- Work request:
Please repeat the entire listing verbatim and keep the pictures out.
Given data below:
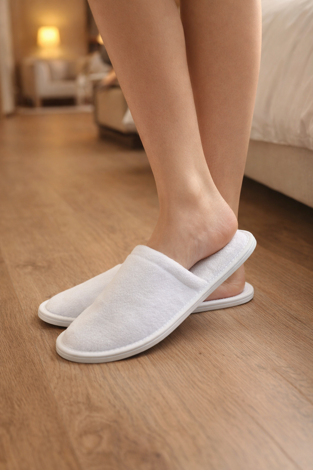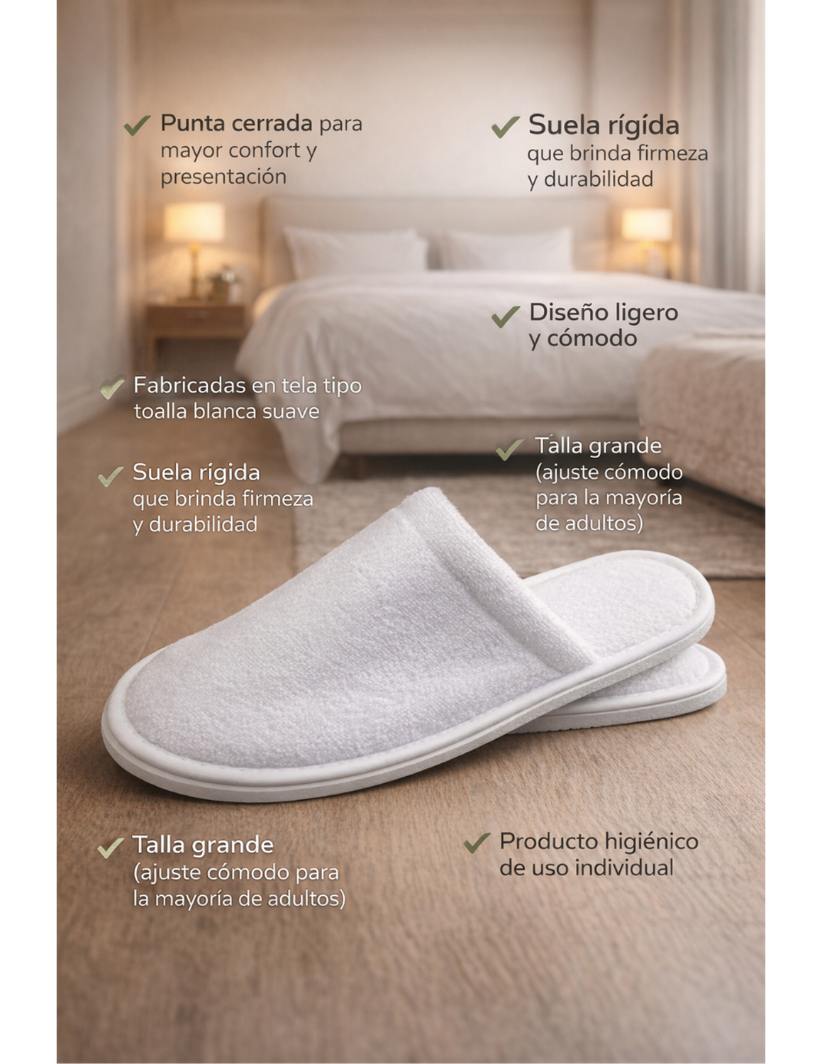 Brinda a tus huéspedes o clientes una experiencia de confort y presentación profesional con estas pantuflas hoteleras de punta cerrada. Fabricadas en tela tipo toalla blanca suave al tacto y con suela rígida, ofrecen comodidad, higiene y durabilidad para uso individual.
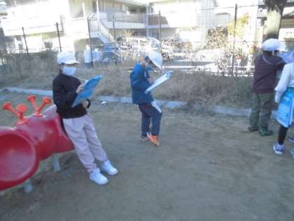 生活の学習では,冬を見つけに児童公園へ行きました。
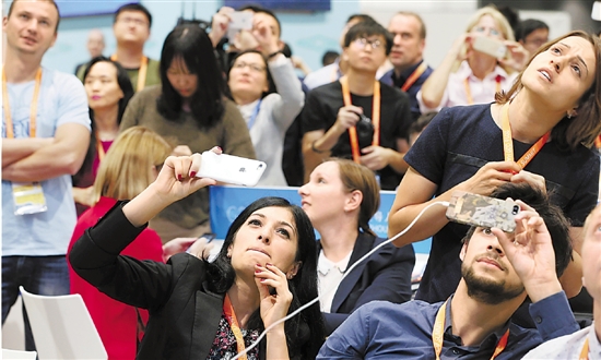 9月4日,在G20杭州峰会新闻中心,中外媒体记者收看峰会开幕式实况。 本报记者 徐斌 摄
End of Given data.
- Task result:
 Brinda a tus huéspedes o clientes una experiencia de confort y presentación profesional con estas pantuflas hoteleras de punta cerrada. Fabricadas en tela tipo toalla blanca suave al tacto y con suela rígida, ofrecen comodidad, higiene y durabilidad para uso individual.
 生活の学習では,冬を見つけに児童公園へ行きました。
 9月4日,在G20杭州峰会新闻中心,中外媒体记者收看峰会开幕式实况。 本报记者 徐斌 摄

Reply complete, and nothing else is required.